- Interactive map of Inter Scaldes

Restaurant information
- Established: 1968
- Head chef: Jannis Brevet
- Food type: French
- Rating: Michelin Guide
- Location: Zandweg 2, Kruiningen, 4416 NA, Netherlands
- Seating capacity: 55
- Website: website

= Inter Scaldes =

Inter Scaldes is a restaurant located in Kruiningen in the Netherlands. It is a fine dining restaurant that is awarded one Michelin stars from 1977 to 1983, two stars from 1984 to 2017 and three stars as of 2018 GaultMillau awarded them 19.50 points (out of 20).
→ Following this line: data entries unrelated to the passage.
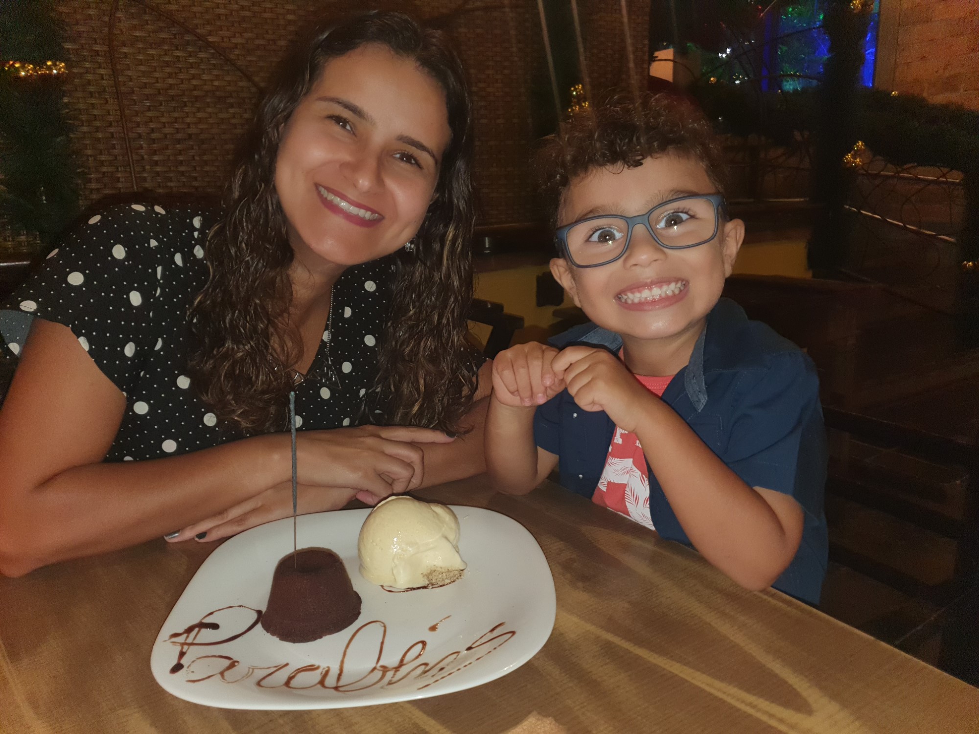 Como era aniversário da patroa, o local ofereceu como cortesia um Petit Gâteau com uma velinha para cantarmos o parabéns! O Arthur cantou em alto e bom tom haha!
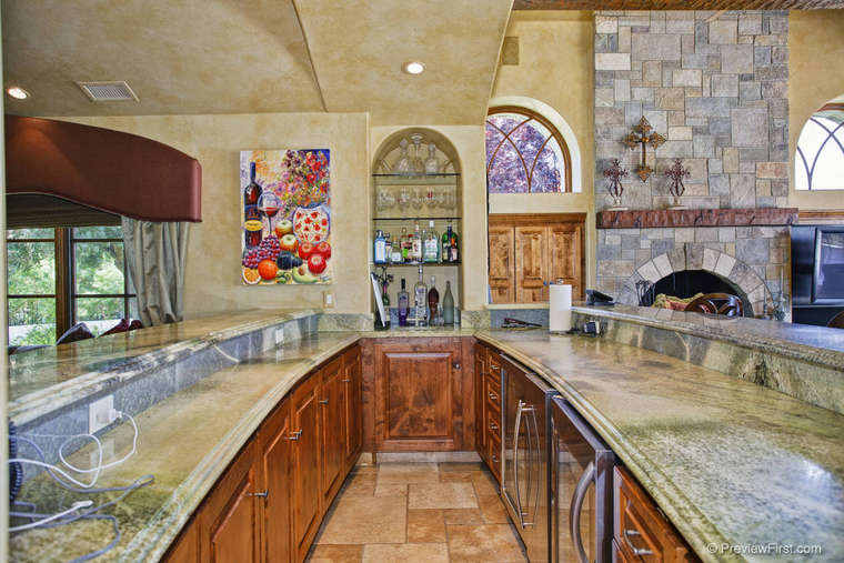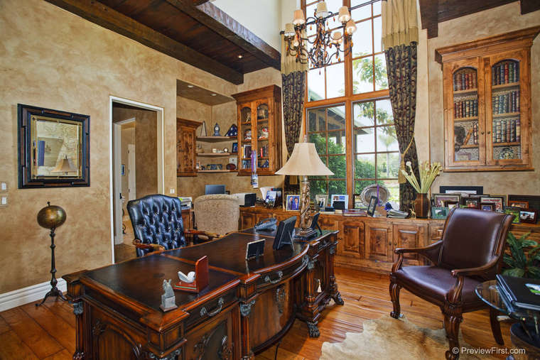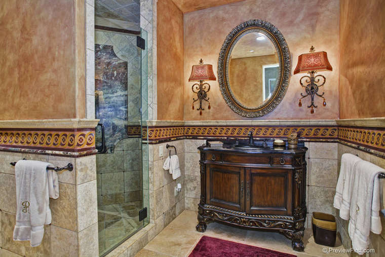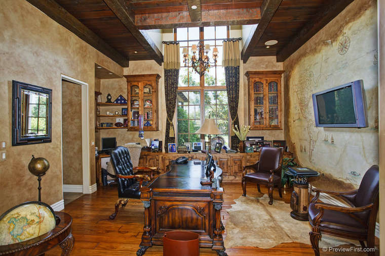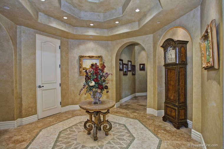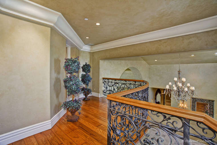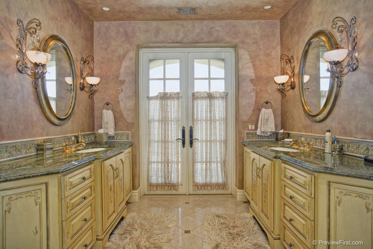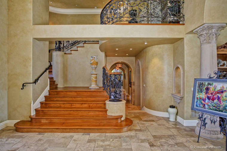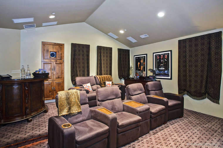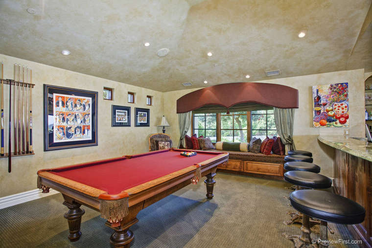 There are 6 bedrooms, 7 full bathrooms and 2 half baths in the house, plus a number of other luxe spaces, such as an over sized family room with adjacent billiard/game room, plush living and dining rooms, spectacular formal entry, office, gym, wine tasting/storage cellar, game room, and a state-of-the-art theater.
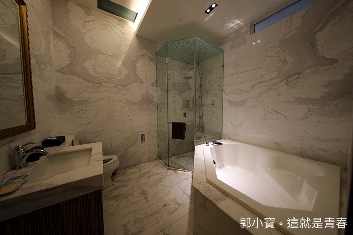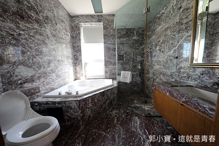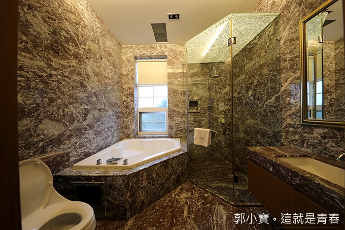 | 打開浴室的門更讓我看傻了眼,這浴室也太美了吧,整間浴室都是大理石打造的,尤其這一間大理石的花色也太美了吧,後來民宿主人開放其他房間給我參觀的時候,這時才發現每間房間的浴室大理石都是不一樣的,而且每一間浴室裡面都有超大浴缸! |
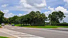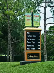 Work on the Metrowest Golf clubhouse was started in 1986. It was opened and dedicated the following year. The course was first managed by the Arnold Palmer Golf Management.[1][9] Residential development near the community's 18-hole golf course was started in 1987. By 1989, about 700 single-family homes or villas have been built or planned. Another 1,300 apartment units had been built or were on the drawing boards. Development was also started on the community's most exclusive residential area, Palma Vista, a planned 200-lot subdivision that surrounds the 13th and 14th holes of the golf course on the highest land in the community. The crest of the property, at an elevation of 198 feet (60 m) above sea level, is one of the highest points in Orange County and offers views of downtown Orlando's skyline 5 miles (8.0 km) to the east.[2] The community's first shopping center, MetroWest Village at the corner of S. Hiawassee Rd and Westpointe Blvd, was opened in the fall of 1990 completely leased.[10]
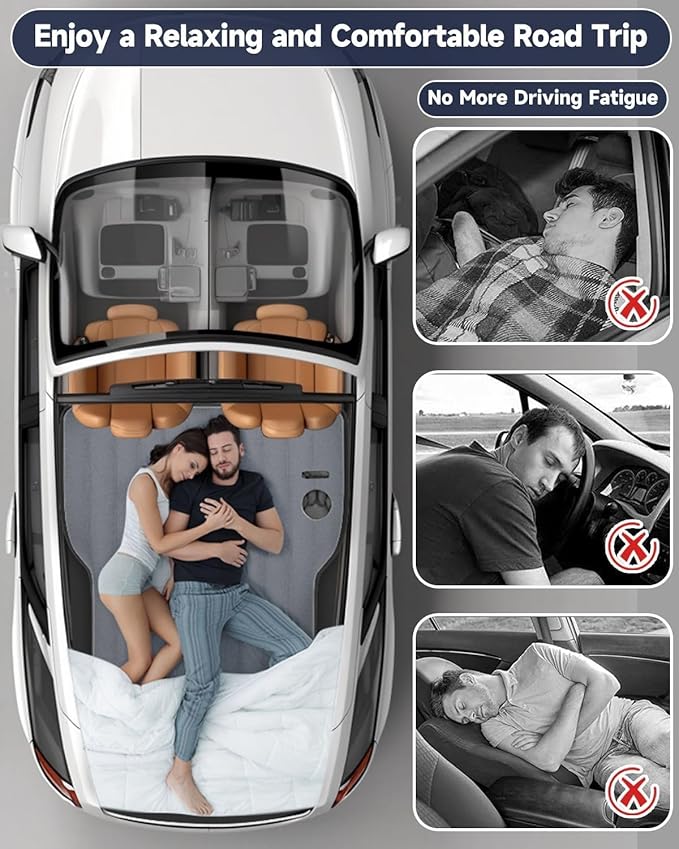 - Easy Inflation/Deflation: Our electric car pump connects effortlessly to the 12V cigarette lighter, inflating and deflating the mattress quickly, ready within minutes. This versatile mattress isn't confined to the Tesla Model Y trunk alone; it's also perfect for diverse uses like outdoor camping, accommodating guests at home, or serving as a tent mattress.
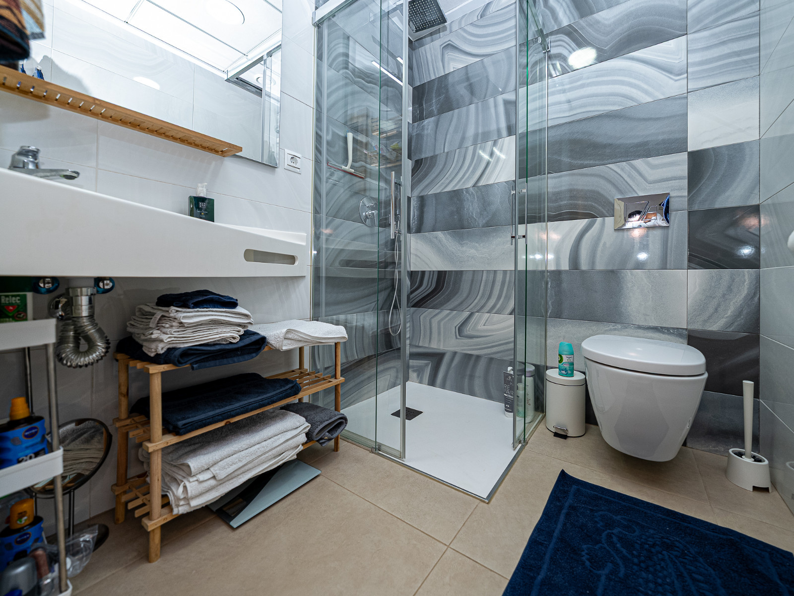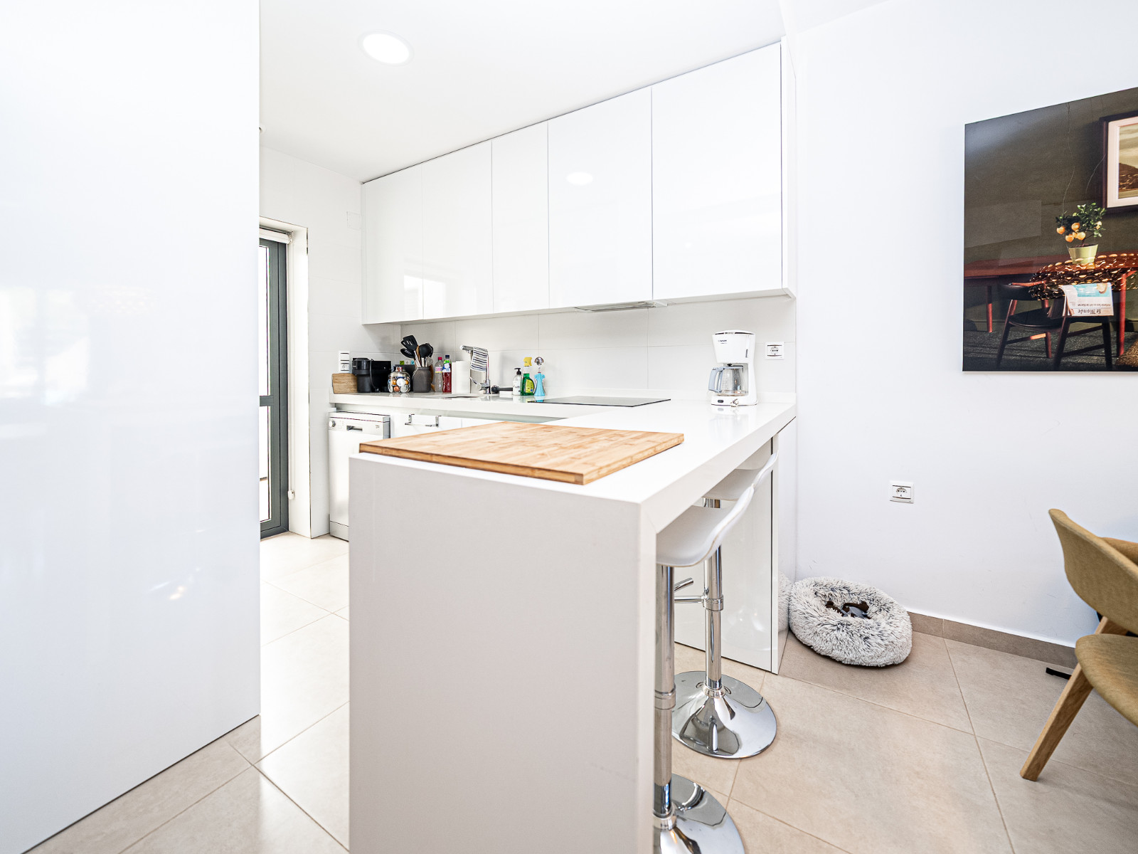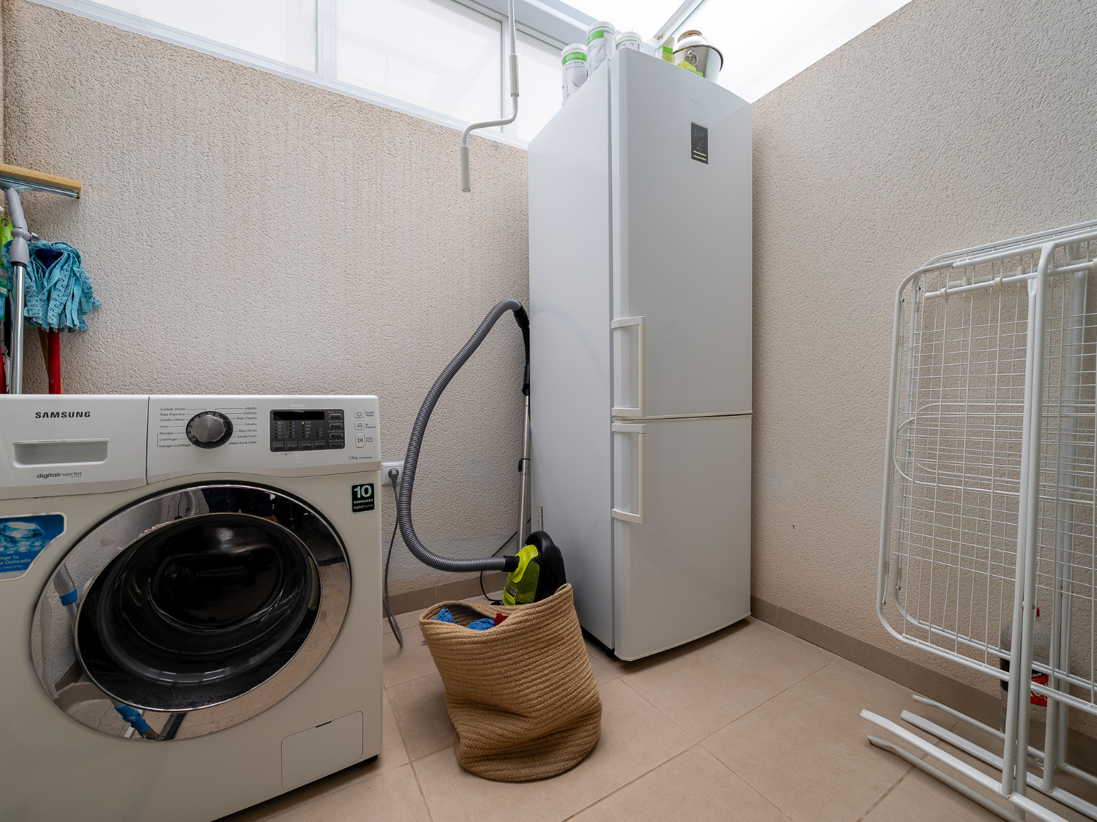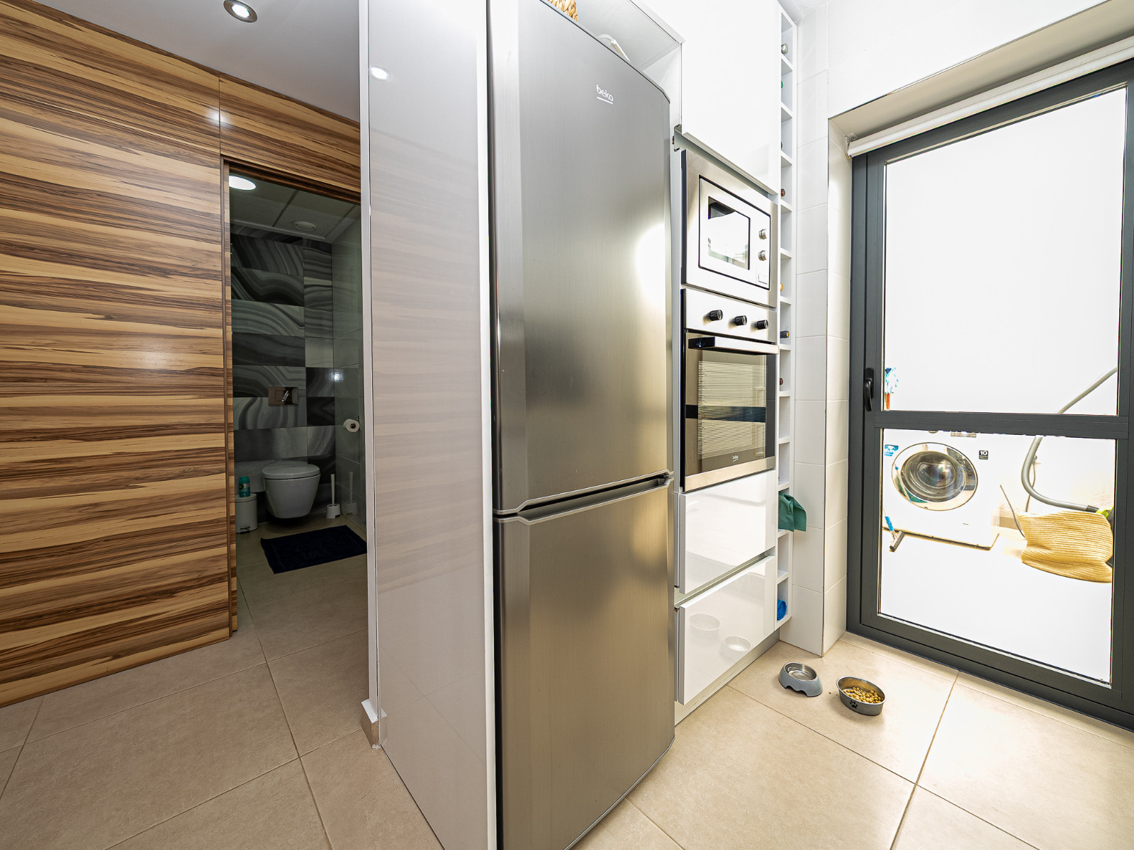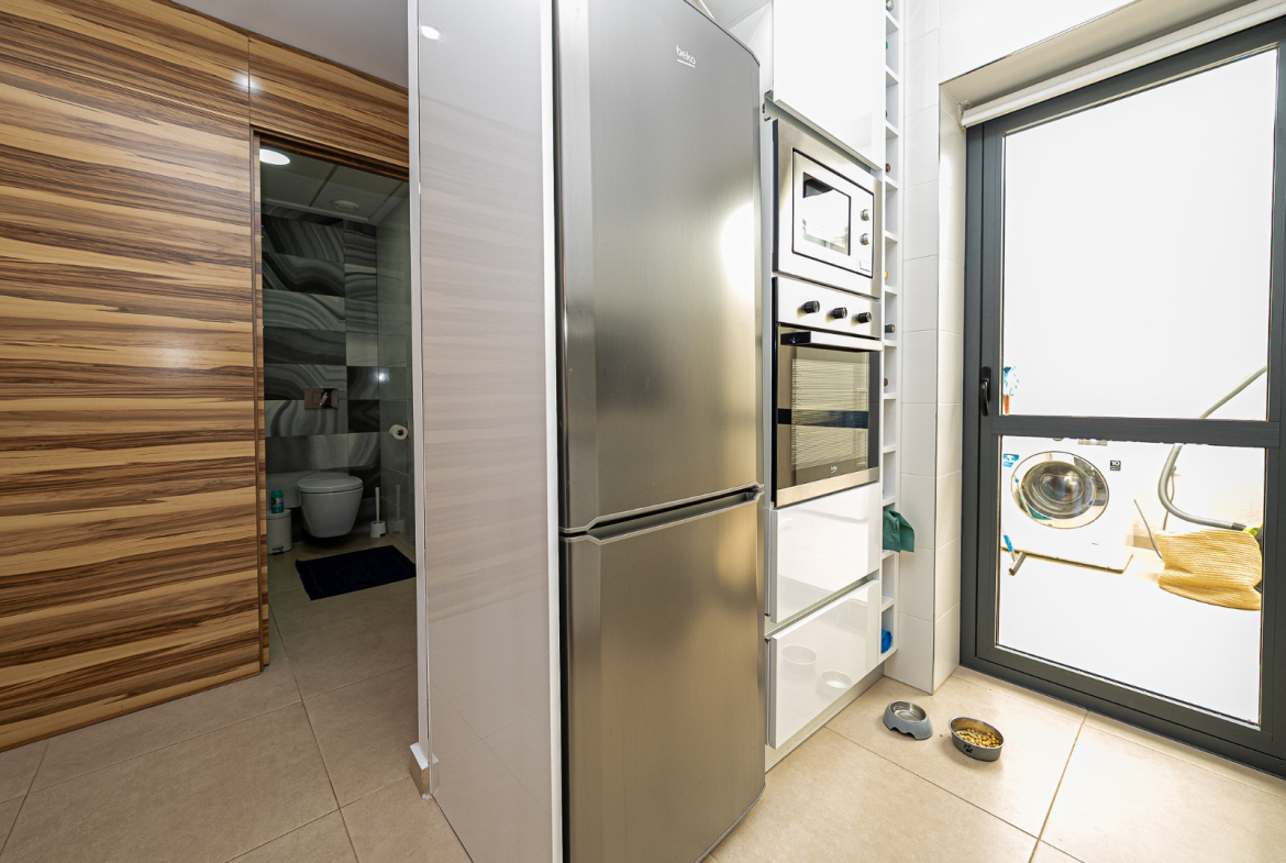 Located in the desirable area of Los Dolses, this well-presented townhouse is set across three levels and combines modern design with practical living. The main floor offers a bright open-plan living and dining area with a contemporary kitchen, an adjoining utility room with a fitted roof, and direct access from the living room to a terrace with an electric awning. The home comprises three double bedrooms and three bathrooms. The spacious underbuild, with heating cables, extra air conditioning, and direct access to the garage, is currently used as an additional living room and bedroom, adding valuable versatility. Steel railings have been fitted along the stairs for added safety. Outdoor living is equally inviting, with a private solarium, terraces overlooking the communal pool, and landscaped green areas within the community. The property is conveniently located within walking distance of local supermarkets, cafés, and restaurants. La Zenia Boulevard shopping centre is only a short bike ride away, while the Blue Flag beaches of the Orihuela Costa can be reached in just a few minutes by car or a pleasant walk.
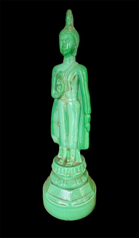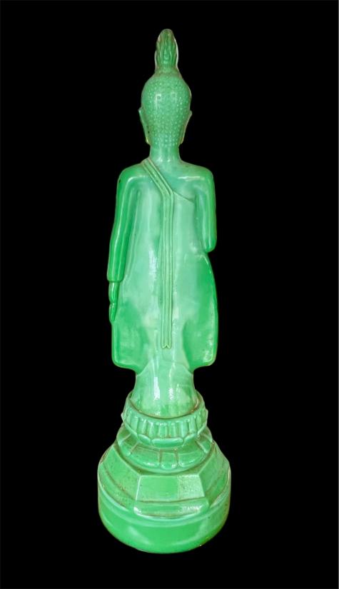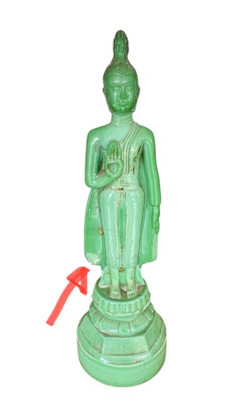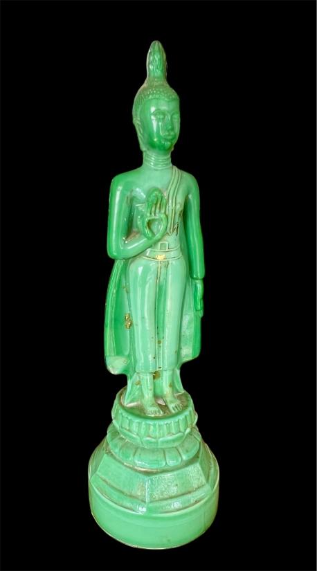 พระแก้ว 25 ศตวรรษ ปางห้ามญาติ ประจำวันจันทน์ ฐานเพชร เนื้อแก้วสีหยก ผิวหิ้ง หายากครับ สูง 13 นิ้ว สภาพสวยตามรูปครับ(มีบิ่นนิดหน่อยที่ชายสบงด้านล่างตามภาพศรชี้ครับ ) ราคาเบาๆเคาะเดียวครับ
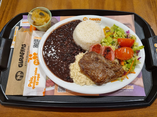 Read moreO Giraffas aposta na comida caseira: arroz, feijão, proteína e salada. Em um ano frequentando a unidade do Barra Sul, é o estabelecimento em shopping que eu mais estive para jantar, certamente bem mais do que 70 vezes. É que moro a 1,2km do shopping mencionado. Recomendo os seguintes pratos, valores fevereiro/2023: "Churrasquito" (R$ 27,00), "Brasileirão picadinho de carne" (R$ 30,00) e "Churrasquito filé mignon suíno" (R$ 25,00). Na promoção "prato do dia", o "Churrasquito" (4as feiras), o "Churrasquito filé mignon suíno" (5as feiras) e o "Strogonoff" (3as feiras) estão por R$ 22,00. Você não encontrará banner indicando os pratos em promoção, é bom sempre indagar. Vale a pena experimentar: "Frango à Milanesa", "Coxxão de Frango Crocante", 'Brasileirão Filezinhos Empanados", "Frango compactado" e "Brasileirão Almôndegas". Se você não quer economizar, recomendo o "Contrafilé". Na promoção da Black Friday em 2022, se bem me recordo, paguei a metade do preço pelo "Contrafilé". Além dos pratos, o cardápio Giraffas conta com sanduíches e sobremesas, entre outros. O atendimento...

Restaurant Inter Scaldes earned its second star in 1984 under the leadership of head chef Maartje Boudeling. In 2001 the present head chef Jannis Brevet (ex-Helianthushof) took over. In 2018 Inter Scaldes earned its third star, under chef Jannis Brevet

Inter Scaldes (Latin for "Between the Scheldt") is a member of Les Patrons Cuisiniers and Tradition Qualité.

==Building==
The restaurant is located just outside Kruiningen. The house was built in 1927 by a veterinarian, who lived there until 1953. After that, it was in use as barracks for the Royal Marechaussee. In 1968, after the purchase by Maartje en Kees Boudeling, it became a restaurant. The building is surrounded by an English garden.

The restaurant burned down on 10 September 2003. It reopened in May 2004.